Was I hacked? I have no unusual calls, but just those in the Root mailbox logwatch.

 

[tm1000]

Hmm...just checking logs and found this:

Requests with error response codes
    404 Not Found
       /asteridex4: 1 Time(s)
       /cgi-bin/awstats.pl?config=PBXinaFlash: 5 Time(s)
       /din.aspx?s=00000000&client=DynGate&rnd=318386520&p=10000001: 1 Time(s)
       /din.aspx?s=00000000&client=DynGate&rnd=42666159&p=10000001: 1 Time(s)
       http://125.45.109.166/proxyheader.php: 1 Time(s)
       http://218.10.111.119/check.php: 1 Time(s)
       http://cashads4u.com/eg/proxyheader.php: 1 Time(s)
       http://www.infodownload.info/proxyheader.php: 1 Time(s)
       http://www.piggmail.com/proxyheader.php: 1 Time(s)

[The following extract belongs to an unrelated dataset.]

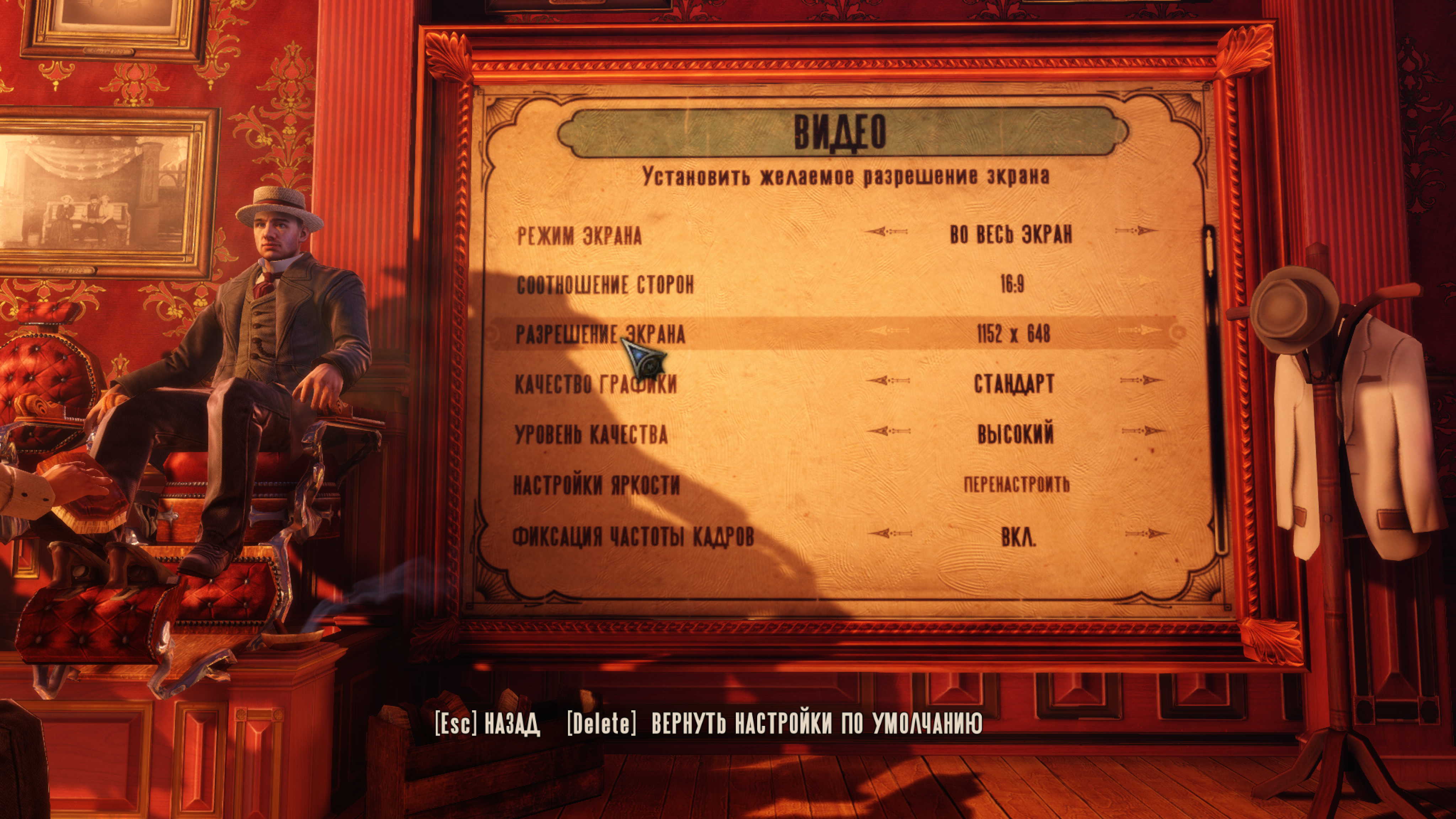 Разрешений широкоформатного экрана в игре только 2 - 1152:648 и 1280:720, поэтому идём по пути /username/Library/Application Support/Bioshock Infinite/XGame/Config и открываем текстовым редактором файл XUserOptions.ini (только после первого запуска игры), далее в самом низу редактируем строки ResolutionX и ResolutionY согласно разрешению вашего монитора (на моём 4к ретина максимум встало 2048:1152)

 Requests with error response codes
    400 Bad Request
       /w00tw00t.at.ISC.SANS.DFind:): 1 Time(s)
    401 Unauthorized
       /admin: 2 Time(s)
       /admin/config.php?display=ringgroups&extdisplay=GRP-700: 1 Time(s)
       /admin/main.php: 2 Time(s)
    404 Not Found
       /PMA/main.php: 1 Time(s)
       /cgi-bin/awstats.pl?config=PBXinaFlash: 4 Time(s)
       /db/main.php: 1 Time(s)
       /din.aspx?s=00000000&client=DynGate&rnd=228837888&p=10000001: 1 Time(s)
       /myadmin/main.php: 1 Time(s)
       /mysql/main.php: 1 Time(s)
       /phpMyAdmin/main.php: 1 Time(s)
       /phpadmin/main.php: 1 Time(s)
       /phpmyadmin/main.php: 1 Time(s)
       /pma/main.php: 1 Time(s)
       /webadmin/main.php: 1 Time(s)
       http://images4.byinter.net/PL3303337.gif: 1 Time(s)
       http://proxyjudge1.proxyfire.net/fastenv: 1 Time(s)
       http://seekerfeed.com/proxyheader.php: 3 Time(s)
       http://www.kanzuqiu.com/proxyheader.php: 1 Time(s)
       http://www.piggmail.com/proxyheader.php: 1 Time(s)
       http://www.wantsfly.com/getip.php?hash=4AF ... 6F1766AC22A63CE: 1 Time(s)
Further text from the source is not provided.